Anderson is seeing the data center dependence growing even more with the rise of AI technology.
With its natural resources and large population, New York state has the potential to be a big part of that development, and a data center is already being proposed in the Tompkins County town of Lansing.
"If you can find open spaces where water and electricity are available, and you can get land to build the data center, and you also have a lot of consumers that are going to use the data centers then, that's a win,” said Anderson.
But she said data centers can also strain electrical grids and possibly increase costs for consumers as the state needs to use more expensive electricity resources.
The state is replacing aging infrastructure with cleaner options, but Anderson said that transition could 5-15 years.

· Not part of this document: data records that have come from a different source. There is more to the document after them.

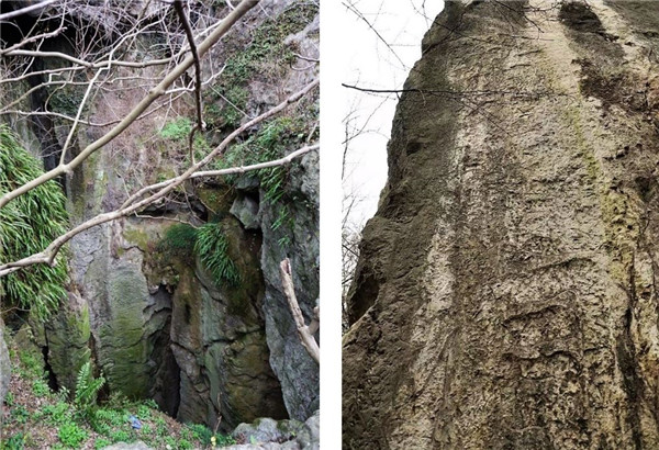黄龙洞离太史湾村不远,曾有公司开发旅游项目,周君10年前曾率学生考察。景区现已荒废,1966年发现的石灰岩溶洞黄龙宫大门紧锁,黄龙洞摩崖在丈人峰山顶,因罕有人迹,山路早被杂树覆盖。在文保所莫君率领下,一行人顺利攀登。摩崖中“黄龙洞”三个楷体大字相传为黄庭坚所书,又有绍定五年(1232)周弼及嘉熙二年(1238)程公许题记,“黄龙洞天”四字是明朝四十三代汉嗣天师张宇初题写。丈人峰背后即是黄龙洞,洞若巨井,深约40米,唐以前称金井洞。汉晋以来此处即是官民祈雨祷晴之处,宋人周密记载,“一穴幽深,真蜿蜒之所宅。居人于云气中每见头角,但岁旱祷之辄应”。苏轼有诗《和孙同年卞山龙洞祷晴》,“吴兴连月雨,釜甑生鱼蛙。往问卞山龙,曷不安厥家……寄语洞中龙,睡味岂不嘉……”众人围在洞口议论苏轼祈祷之时当有投龙简等投入洞中,不知今日是否尚在。其实2012年即有民间探险队绳攀至洞底探险,详情可参见网文《探秘黄龙洞深处》。下山时,钟画家所得颇丰,有废弃鸟巢、奇形藤杖、山顶青苔等物,陈先生亦觅得古生物牙齿化石,可谓满载而归。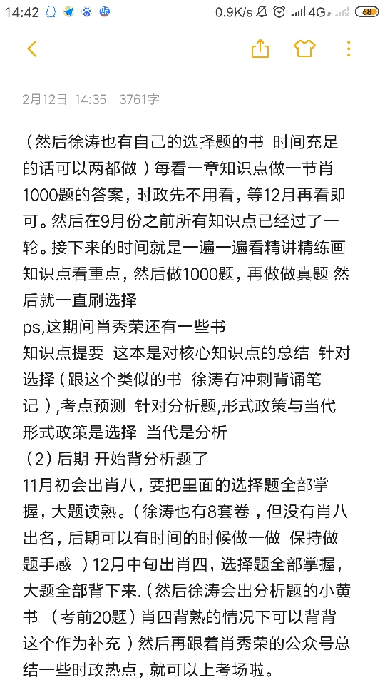 11月初会出肖八,要把里面的选择题全部掌握,大题读熟。(徐涛也有8套卷 ,但没有肖八出名,后期可以有时间的时候做一做 保持做题手感 )12月中旬出肖四,选择题全部掌握,大题全部背下来.(然后徐涛会出分析题的小黄书 (考前20题)肖四背熟的情况下可以背背这个作为补充 )然后再跟着肖秀荣的公众号总结一些时政热点,就可以上考场啦。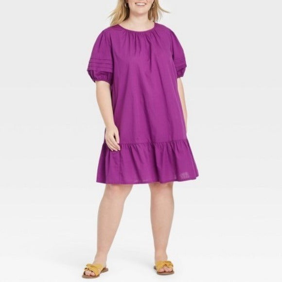 Ava & Viv Pleated Puff Sleeve Dress Purple New 3X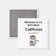 O ímã quadrado de 2 polegadas Cat House com humor vindo daquela entrada dupla, uma piada de língua na bochecha.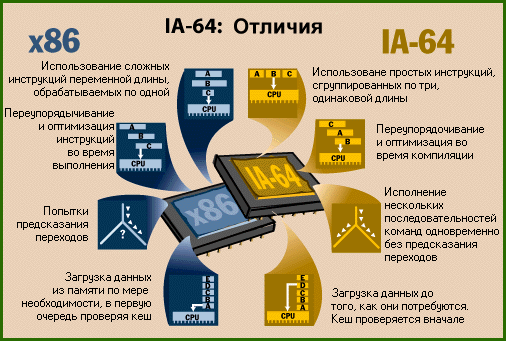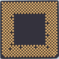 Разрядность микропроцессора обозначается m/n/k/ и включает: m - разрядность внутренних регистров, определяет принадлежность к тому или иному классу процессоров; n - разрядность шины данных, определяет скорость передачи информации; k - разрядность шины адреса, определяет размер адресного пространства. (Например, микропроцессор i8088 характеризуется значениями m/n/k=16/8/20) 3. Объем адресуемой памяти – максимальный объем памяти, который может обслужить микропроцессор. 32-х разрядный микропроцессор может обслужить 64 Гб (4х109 байт) памяти, а 64-х разрядный микропроцессор может обслужить 64 Тб (64х1012 байт) памяти. 4. Набор дополнительных инструкций (Instruction Set) - применяются в современных CISC-микропроцессорах и способны значительно ускорить их работу. Естественно только при условии поддержки данных наборов со стороны приложения. Все традиционные современные процессоры поддерживают набор инструкций MMX, который был самым первым (разработан корпорацией Intel еще в 1997 году). MMX расшифровывается как MultiMedia eXtensions (мультимедийные расширения). Он представил дополнительные возможности, ориентированные на обработку цифрового изображения и звука. В основе технологии лежит концепция (микроархитектура) SIMD (Single Instruction Many Data – "одна команда, много данных"), когда при помощи одной инструкции одновременно обрабатывается несколько элементов данных. SSE, SSE2, 3DNow! - дальнейшее развитие этой идеи. Микропроцессоры Intel Pentium 3 поддерживают SSE, а Pentium 4 и AMD Athlon 64 еще и SSE2 (это относится и к соответствующим микропроцессорам Intel Celeron). Процессоры AMD Athlon и Duron поддерживают наборы инструкций 3DNow!Professional и MMX, в Athlon XP была добавлена поддержка SSE (на уровне микрокода ядра). Технологический процесс производства (Process Technology) – техпроцесс определяет размеры элементов и соединений между ними в интегральной схеме. Измеряется в микрометрах (0,35 μm; 0,25 μm;…). Чем меньше число, тем меньше сам кристалл, следовательно, меньше потребляемая мощность и тепловыделение. А ведь тепловыделение сильно препятствует увеличению частоты, на которой работает микропроцессор. Где-то в 1997 году произошел переход с 0,25 μm на 0,18 μm технологию производства. А уже в 2001 году произошел переход на 0,13 μm технологию, что позволило намного увеличить частоту. Вот-вот произойдет переход на 0,09 μm. Производительность микропроцессора определяется параметрами: 1. Тактовая частота (Частота ядра) (Internal clock) – это количество электрических импульсов в секунду. Каждый импульс несет в себе некую информацию - это могут быть команды процессору или данные памяти. Тактовая частота задается кварцевым генератором - одним из блоков, расположенных на материнской плате. Тактовая частота кварцевого генератора выдерживается с очень высокой точностью и лежит в мега или гигагерцовом диапазоне. Один герц - один импульс, один мегагерц - один миллион импульсов, один гигагерц - тысяча мегагерц. Микропроцессор, работающий на тактовой частоте 800 МГц, выполняет 800 миллионов рабочих тактов в секунду. В зависимости от сложности обрабатываемой команды процессору для выполнения задачи необходимы сотни и тысячи тактов. Но для выполнения простых операций бывает достаточно одного такта. Чем выше тактовая частота ядра, тем выше скорость обработки данных. Современные микропроцессоры работают на частотах от 300 МГц до 4,7 ГГц. 2. Частота системной шины (System clock или Front Side Bus) – си

"If we grow the electricity demand in this state too fast and too inflexibly, then we could find ourselves in a situation where we're just stressed with a lack of generating capacity,” she said.
The one-year moratorium on building new data centers is getting pushback from some Republican lawmakers and businesses who argue the move could sideline the state at a time when many communities are hoping for economic growth.

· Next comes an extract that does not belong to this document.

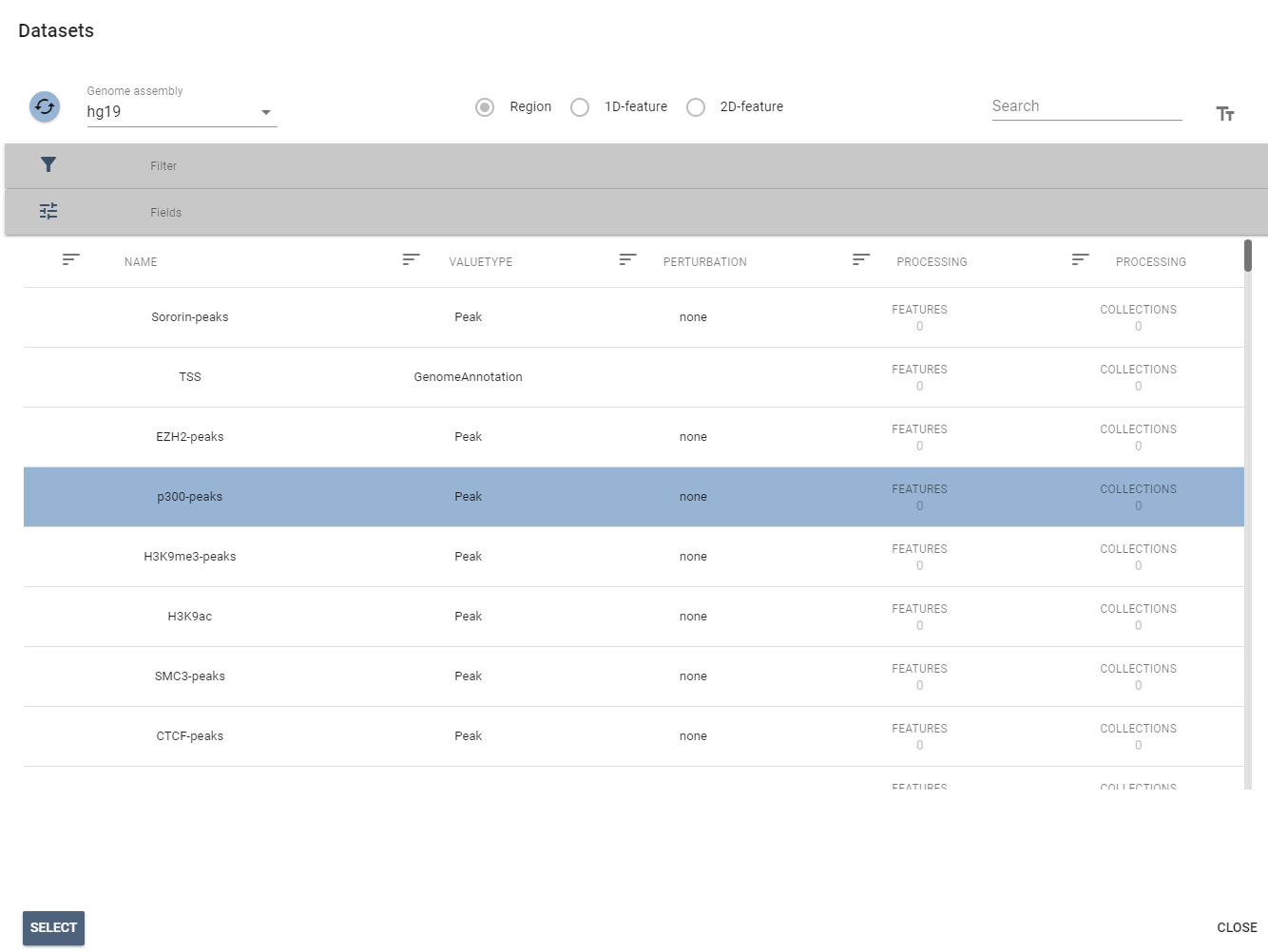 This will open up the dataset management table and allow you to select a genomic region: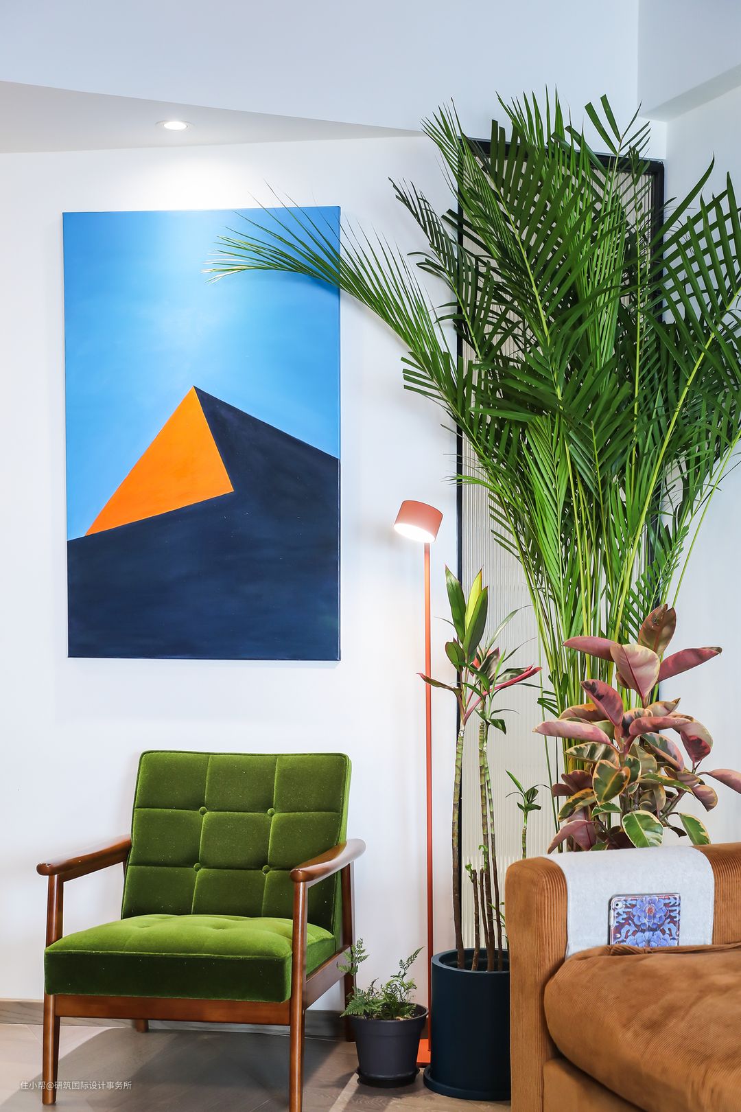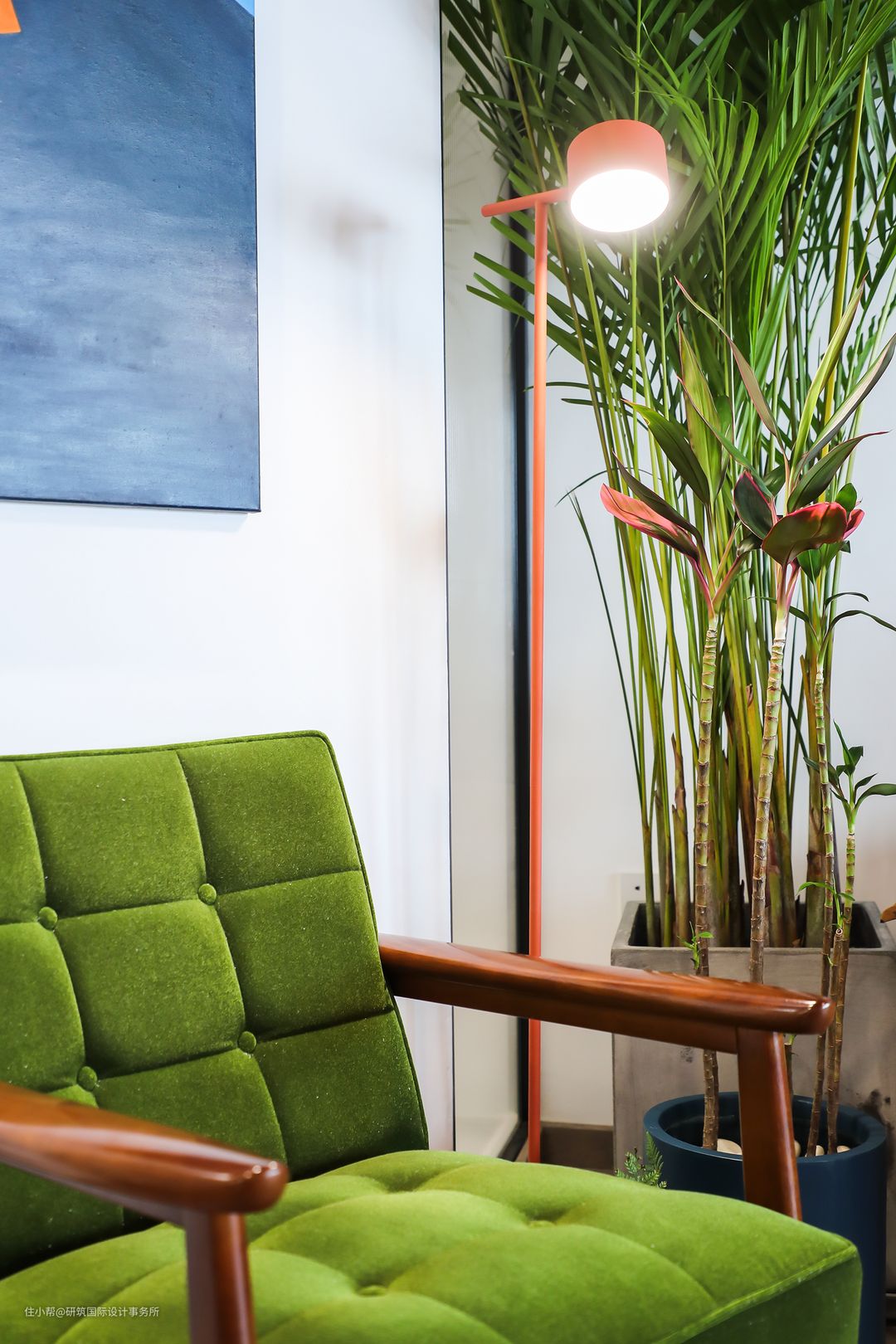 绿色亮绒质感的沙发椅,在客厅中起到了点睛之笔,随着光线反射,营造出怀旧的现代复古风情,提升整个空间的质感和格调,搭配简约橙的落地灯,以及绿植的陪伴,清新自然,优雅高级。

Anderson said while the pause is not enough time to build new resources, it could give the state time to make a plan.
"What is our strategy for approving these data center developments? What do we need from the data center developer and operator in terms of their investment in infrastructure to make sure it doesn't end up costing New York state residents?” she said.
Anderson said despite the pause, more data centers are needed as technology develops, and it’s crucial that community members, system operators, and developers work together as conversations continue.